_Work required_
Repeat back the entries that follow, keeping every word as it is.

_Source records_
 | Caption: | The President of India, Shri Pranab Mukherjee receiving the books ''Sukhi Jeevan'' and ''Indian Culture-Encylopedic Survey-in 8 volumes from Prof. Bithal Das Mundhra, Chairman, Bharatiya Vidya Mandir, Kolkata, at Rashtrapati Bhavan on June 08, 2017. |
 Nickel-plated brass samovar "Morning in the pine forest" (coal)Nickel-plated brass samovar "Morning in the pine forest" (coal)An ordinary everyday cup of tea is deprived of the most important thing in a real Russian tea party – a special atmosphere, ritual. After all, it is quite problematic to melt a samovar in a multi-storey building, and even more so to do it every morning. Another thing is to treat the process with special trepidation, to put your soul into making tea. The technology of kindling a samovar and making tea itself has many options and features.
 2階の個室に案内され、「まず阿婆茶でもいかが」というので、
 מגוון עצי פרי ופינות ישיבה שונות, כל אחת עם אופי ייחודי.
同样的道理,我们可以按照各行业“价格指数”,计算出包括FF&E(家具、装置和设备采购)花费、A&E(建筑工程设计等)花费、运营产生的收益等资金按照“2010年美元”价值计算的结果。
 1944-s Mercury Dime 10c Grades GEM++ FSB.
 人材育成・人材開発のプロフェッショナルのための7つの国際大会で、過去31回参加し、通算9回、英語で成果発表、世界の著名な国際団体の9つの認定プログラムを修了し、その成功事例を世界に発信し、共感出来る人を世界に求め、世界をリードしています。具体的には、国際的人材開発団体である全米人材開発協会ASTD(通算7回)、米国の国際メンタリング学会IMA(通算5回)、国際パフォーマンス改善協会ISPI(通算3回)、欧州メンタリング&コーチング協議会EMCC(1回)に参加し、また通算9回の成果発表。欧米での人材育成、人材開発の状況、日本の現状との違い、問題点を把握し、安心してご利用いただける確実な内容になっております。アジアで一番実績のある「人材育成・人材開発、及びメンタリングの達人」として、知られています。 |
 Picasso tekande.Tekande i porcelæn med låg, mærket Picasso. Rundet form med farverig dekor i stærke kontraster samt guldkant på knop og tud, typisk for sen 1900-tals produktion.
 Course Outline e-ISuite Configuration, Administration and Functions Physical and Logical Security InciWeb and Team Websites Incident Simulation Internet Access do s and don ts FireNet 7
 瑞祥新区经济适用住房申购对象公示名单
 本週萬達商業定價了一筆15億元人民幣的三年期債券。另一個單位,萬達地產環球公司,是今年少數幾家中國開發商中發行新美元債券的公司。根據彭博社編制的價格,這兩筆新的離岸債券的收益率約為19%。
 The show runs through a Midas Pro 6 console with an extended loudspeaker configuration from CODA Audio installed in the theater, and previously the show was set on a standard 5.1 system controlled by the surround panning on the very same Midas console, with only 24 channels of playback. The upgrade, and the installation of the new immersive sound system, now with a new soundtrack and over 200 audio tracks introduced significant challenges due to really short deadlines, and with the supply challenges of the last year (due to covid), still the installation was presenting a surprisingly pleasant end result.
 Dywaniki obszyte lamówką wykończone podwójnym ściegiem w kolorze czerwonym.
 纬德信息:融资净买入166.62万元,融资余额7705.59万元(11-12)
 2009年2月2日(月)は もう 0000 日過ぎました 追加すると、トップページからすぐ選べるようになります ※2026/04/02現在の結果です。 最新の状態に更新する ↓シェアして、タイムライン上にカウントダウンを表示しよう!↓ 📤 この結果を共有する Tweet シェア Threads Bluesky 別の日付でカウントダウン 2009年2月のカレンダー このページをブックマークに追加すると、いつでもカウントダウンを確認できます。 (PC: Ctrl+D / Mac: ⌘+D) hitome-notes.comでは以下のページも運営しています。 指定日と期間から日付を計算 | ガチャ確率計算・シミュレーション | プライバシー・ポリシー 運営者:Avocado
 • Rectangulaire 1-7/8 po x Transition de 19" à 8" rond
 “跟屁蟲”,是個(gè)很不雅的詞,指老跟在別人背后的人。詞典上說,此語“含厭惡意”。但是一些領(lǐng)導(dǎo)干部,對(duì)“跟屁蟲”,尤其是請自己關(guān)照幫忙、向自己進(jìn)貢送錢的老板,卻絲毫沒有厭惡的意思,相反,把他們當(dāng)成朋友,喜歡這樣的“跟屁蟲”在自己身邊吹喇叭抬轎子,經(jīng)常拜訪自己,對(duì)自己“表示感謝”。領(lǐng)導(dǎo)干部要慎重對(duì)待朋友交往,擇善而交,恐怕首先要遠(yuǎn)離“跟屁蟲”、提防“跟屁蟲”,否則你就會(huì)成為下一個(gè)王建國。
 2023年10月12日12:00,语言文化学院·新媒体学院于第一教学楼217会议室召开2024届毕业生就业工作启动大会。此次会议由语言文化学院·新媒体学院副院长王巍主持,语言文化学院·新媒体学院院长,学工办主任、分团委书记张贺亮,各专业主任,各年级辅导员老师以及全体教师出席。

_Result_
 | Caption: | The President of India, Shri Pranab Mukherjee receiving the books ''Sukhi Jeevan'' and ''Indian Culture-Encylopedic Survey-in 8 volumes from Prof. Bithal Das Mundhra, Chairman, Bharatiya Vidya Mandir, Kolkata, at Rashtrapati Bhavan on June 08, 2017. |
 Nickel-plated brass samovar "Morning in the pine forest" (coal)Nickel-plated brass samovar "Morning in the pine forest" (coal)An ordinary everyday cup of tea is deprived of the most important thing in a real Russian tea party – a special atmosphere, ritual. After all, it is quite problematic to melt a samovar in a multi-storey building, and even more so to do it every morning. Another thing is to treat the process with special trepidation, to put your soul into making tea. The technology of kindling a samovar and making tea itself has many options and features.
 2階の個室に案内され、「まず阿婆茶でもいかが」というので、
 מגוון עצי פרי ופינות ישיבה שונות, כל אחת עם אופי ייחודי.
同样的道理,我们可以按照各行业“价格指数”,计算出包括FF&E(家具、装置和设备采购)花费、A&E(建筑工程设计等)花费、运营产生的收益等资金按照“2010年美元”价值计算的结果。
 1944-s Mercury Dime 10c Grades GEM++ FSB.
 人材育成・人材開発のプロフェッショナルのための7つの国際大会で、過去31回参加し、通算9回、英語で成果発表、世界の著名な国際団体の9つの認定プログラムを修了し、その成功事例を世界に発信し、共感出来る人を世界に求め、世界をリードしています。具体的には、国際的人材開発団体である全米人材開発協会ASTD(通算7回)、米国の国際メンタリング学会IMA(通算5回)、国際パフォーマンス改善協会ISPI(通算3回)、欧州メンタリング&コーチング協議会EMCC(1回)に参加し、また通算9回の成果発表。欧米での人材育成、人材開発の状況、日本の現状との違い、問題点を把握し、安心してご利用いただける確実な内容になっております。アジアで一番実績のある「人材育成・人材開発、及びメンタリングの達人」として、知られています。 |
 Picasso tekande.Tekande i porcelæn med låg, mærket Picasso. Rundet form med farverig dekor i stærke kontraster samt guldkant på knop og tud, typisk for sen 1900-tals produktion.
 Course Outline e-ISuite Configuration, Administration and Functions Physical and Logical Security InciWeb and Team Websites Incident Simulation Internet Access do s and don ts FireNet 7
 瑞祥新区经济适用住房申购对象公示名单
 本週萬達商業定價了一筆15億元人民幣的三年期債券。另一個單位,萬達地產環球公司,是今年少數幾家中國開發商中發行新美元債券的公司。根據彭博社編制的價格,這兩筆新的離岸債券的收益率約為19%。
 The show runs through a Midas Pro 6 console with an extended loudspeaker configuration from CODA Audio installed in the theater, and previously the show was set on a standard 5.1 system controlled by the surround panning on the very same Midas console, with only 24 channels of playback. The upgrade, and the installation of the new immersive sound system, now with a new soundtrack and over 200 audio tracks introduced significant challenges due to really short deadlines, and with the supply challenges of the last year (due to covid), still the installation was presenting a surprisingly pleasant end result.
 Dywaniki obszyte lamówką wykończone podwójnym ściegiem w kolorze czerwonym.
 纬德信息:融资净买入166.62万元,融资余额7705.59万元(11-12)
 2009年2月2日(月)は もう 0000 日過ぎました 追加すると、トップページからすぐ選べるようになります ※2026/04/02現在の結果です。 最新の状態に更新する ↓シェアして、タイムライン上にカウントダウンを表示しよう!↓ 📤 この結果を共有する Tweet シェア Threads Bluesky 別の日付でカウントダウン 2009年2月のカレンダー このページをブックマークに追加すると、いつでもカウントダウンを確認できます。 (PC: Ctrl+D / Mac: ⌘+D) hitome-notes.comでは以下のページも運営しています。 指定日と期間から日付を計算 | ガチャ確率計算・シミュレーション | プライバシー・ポリシー 運営者:Avocado
 • Rectangulaire 1-7/8 po x Transition de 19" à 8" rond
 “跟屁蟲”,是個(gè)很不雅的詞,指老跟在別人背后的人。詞典上說,此語“含厭惡意”。但是一些領(lǐng)導(dǎo)干部,對(duì)“跟屁蟲”,尤其是請自己關(guān)照幫忙、向自己進(jìn)貢送錢的老板,卻絲毫沒有厭惡的意思,相反,把他們當(dāng)成朋友,喜歡這樣的“跟屁蟲”在自己身邊吹喇叭抬轎子,經(jīng)常拜訪自己,對(duì)自己“表示感謝”。領(lǐng)導(dǎo)干部要慎重對(duì)待朋友交往,擇善而交,恐怕首先要遠(yuǎn)離“跟屁蟲”、提防“跟屁蟲”,否則你就會(huì)成為下一個(gè)王建國。
 2023年10月12日12:00,语言文化学院·新媒体学院于第一教学楼217会议室召开2024届毕业生就业工作启动大会。此次会议由语言文化学院·新媒体学院副院长王巍主持,语言文化学院·新媒体学院院长,学工办主任、分团委书记张贺亮,各专业主任,各年级辅导员老师以及全体教师出席。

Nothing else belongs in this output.